(Problem to work on)
Count how many lines hold "hiện" in the records, and respond with that number by itself.
┌──
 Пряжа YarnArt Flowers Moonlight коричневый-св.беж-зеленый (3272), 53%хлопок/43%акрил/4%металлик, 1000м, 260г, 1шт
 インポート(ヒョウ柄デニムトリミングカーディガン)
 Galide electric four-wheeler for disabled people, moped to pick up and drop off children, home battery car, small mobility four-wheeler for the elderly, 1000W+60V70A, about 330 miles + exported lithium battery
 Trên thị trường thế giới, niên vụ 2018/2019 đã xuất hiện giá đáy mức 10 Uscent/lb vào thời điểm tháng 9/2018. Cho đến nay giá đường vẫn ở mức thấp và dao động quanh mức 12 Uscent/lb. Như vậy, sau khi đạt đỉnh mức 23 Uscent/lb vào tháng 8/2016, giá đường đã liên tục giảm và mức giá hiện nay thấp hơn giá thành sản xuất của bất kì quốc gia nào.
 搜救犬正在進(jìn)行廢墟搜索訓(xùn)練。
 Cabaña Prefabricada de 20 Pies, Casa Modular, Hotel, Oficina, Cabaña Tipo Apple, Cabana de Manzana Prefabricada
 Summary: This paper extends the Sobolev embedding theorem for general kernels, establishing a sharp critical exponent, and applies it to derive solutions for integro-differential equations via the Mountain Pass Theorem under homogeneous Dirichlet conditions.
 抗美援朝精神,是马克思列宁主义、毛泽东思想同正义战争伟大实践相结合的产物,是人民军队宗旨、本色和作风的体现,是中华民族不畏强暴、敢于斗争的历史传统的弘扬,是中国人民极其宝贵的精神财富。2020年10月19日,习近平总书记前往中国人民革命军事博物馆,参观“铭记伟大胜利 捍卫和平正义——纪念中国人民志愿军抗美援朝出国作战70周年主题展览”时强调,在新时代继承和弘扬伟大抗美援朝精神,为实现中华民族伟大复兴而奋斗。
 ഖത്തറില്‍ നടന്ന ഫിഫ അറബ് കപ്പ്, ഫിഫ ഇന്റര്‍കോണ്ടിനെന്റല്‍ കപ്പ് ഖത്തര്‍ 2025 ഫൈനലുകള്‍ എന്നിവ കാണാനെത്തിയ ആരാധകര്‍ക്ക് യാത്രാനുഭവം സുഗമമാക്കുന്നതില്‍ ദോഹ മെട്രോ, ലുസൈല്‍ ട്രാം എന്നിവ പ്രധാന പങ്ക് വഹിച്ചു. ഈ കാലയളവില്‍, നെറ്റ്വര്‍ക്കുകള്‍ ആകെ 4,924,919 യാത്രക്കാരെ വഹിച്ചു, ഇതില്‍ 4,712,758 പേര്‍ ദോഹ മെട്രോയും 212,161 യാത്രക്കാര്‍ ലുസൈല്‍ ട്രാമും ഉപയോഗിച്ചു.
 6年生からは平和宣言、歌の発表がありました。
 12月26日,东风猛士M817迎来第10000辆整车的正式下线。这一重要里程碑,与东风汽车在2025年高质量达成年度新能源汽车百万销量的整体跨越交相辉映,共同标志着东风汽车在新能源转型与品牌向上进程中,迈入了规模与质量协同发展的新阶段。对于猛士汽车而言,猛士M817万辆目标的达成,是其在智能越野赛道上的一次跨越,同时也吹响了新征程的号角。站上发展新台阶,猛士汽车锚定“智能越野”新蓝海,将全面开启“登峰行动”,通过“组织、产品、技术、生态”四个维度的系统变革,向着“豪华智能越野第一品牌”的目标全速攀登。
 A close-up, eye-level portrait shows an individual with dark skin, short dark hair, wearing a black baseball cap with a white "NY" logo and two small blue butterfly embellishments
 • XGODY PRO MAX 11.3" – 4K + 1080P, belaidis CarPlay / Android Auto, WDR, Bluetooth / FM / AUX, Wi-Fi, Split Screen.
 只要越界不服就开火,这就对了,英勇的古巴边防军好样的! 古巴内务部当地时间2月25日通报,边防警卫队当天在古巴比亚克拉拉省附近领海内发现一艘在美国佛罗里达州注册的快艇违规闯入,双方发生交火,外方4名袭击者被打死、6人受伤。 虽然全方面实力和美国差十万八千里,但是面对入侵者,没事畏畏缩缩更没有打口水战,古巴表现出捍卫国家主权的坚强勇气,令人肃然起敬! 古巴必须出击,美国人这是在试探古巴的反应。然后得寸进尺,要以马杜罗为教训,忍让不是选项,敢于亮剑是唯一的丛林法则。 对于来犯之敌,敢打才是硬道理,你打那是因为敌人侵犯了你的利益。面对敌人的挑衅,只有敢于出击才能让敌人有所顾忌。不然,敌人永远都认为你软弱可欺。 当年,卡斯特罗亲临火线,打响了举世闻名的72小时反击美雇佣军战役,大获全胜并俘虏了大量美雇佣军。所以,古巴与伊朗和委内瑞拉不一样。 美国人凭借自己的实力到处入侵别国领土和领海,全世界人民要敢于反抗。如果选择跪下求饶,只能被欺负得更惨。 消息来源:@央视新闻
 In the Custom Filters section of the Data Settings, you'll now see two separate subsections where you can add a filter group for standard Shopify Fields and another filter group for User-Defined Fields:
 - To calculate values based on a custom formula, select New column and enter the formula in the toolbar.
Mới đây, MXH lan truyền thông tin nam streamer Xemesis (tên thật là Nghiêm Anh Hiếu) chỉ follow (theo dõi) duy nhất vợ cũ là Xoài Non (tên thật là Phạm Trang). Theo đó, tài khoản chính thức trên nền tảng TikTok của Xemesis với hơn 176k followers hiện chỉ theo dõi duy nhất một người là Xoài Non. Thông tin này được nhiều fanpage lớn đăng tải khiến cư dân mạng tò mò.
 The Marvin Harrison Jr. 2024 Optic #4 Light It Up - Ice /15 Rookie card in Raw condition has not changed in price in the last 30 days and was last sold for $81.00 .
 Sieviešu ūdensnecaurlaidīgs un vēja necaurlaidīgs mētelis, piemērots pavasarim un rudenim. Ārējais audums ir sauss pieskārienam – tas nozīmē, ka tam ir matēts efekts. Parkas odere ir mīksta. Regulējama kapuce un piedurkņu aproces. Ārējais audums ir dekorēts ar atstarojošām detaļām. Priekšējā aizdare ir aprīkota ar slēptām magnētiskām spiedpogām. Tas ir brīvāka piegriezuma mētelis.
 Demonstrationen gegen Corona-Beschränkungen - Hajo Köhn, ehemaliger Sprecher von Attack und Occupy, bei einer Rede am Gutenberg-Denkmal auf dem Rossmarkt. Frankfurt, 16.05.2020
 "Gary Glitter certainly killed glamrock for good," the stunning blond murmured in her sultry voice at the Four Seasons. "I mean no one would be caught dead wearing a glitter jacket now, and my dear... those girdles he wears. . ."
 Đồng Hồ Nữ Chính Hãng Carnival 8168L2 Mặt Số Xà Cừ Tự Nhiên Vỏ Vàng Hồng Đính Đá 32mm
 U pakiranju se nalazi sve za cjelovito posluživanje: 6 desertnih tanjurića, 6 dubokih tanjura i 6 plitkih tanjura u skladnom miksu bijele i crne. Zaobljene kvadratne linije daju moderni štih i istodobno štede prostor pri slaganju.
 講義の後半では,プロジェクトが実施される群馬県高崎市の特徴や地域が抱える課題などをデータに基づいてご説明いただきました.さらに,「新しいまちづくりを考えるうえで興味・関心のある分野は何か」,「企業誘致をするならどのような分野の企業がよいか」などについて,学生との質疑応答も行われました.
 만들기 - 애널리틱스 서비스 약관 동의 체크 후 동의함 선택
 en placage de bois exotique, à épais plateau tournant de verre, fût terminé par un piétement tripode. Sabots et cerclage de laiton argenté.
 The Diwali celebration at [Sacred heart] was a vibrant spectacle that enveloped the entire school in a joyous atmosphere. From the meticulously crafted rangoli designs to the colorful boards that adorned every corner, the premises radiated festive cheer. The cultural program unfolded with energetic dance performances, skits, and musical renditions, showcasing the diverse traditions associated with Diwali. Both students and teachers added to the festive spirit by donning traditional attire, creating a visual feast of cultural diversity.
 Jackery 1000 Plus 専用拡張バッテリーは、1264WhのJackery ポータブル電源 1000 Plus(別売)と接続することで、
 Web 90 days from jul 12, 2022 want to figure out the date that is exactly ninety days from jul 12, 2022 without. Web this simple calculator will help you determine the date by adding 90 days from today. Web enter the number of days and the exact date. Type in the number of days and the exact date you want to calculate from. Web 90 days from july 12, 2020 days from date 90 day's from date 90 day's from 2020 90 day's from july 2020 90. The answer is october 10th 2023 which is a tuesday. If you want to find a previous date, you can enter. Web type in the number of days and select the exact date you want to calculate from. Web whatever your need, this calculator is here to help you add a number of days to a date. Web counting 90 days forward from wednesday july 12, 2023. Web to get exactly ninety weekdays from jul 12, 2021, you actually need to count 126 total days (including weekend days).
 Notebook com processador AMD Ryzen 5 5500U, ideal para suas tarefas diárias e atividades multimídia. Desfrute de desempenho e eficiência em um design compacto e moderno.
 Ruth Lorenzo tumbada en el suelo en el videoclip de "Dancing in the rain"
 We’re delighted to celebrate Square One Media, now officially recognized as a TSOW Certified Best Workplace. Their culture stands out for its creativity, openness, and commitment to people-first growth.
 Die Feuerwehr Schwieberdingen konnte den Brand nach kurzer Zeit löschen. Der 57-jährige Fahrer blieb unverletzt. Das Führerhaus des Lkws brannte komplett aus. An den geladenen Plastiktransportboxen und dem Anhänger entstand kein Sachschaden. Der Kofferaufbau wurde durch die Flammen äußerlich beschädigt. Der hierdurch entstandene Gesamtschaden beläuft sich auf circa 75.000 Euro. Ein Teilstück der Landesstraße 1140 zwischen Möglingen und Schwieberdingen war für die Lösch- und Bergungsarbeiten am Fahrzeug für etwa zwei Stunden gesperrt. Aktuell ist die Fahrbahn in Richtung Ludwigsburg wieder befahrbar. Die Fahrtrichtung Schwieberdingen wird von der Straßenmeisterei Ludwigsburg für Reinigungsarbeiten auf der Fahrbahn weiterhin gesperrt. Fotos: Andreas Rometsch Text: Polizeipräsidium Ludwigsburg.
└──
(Response area)
2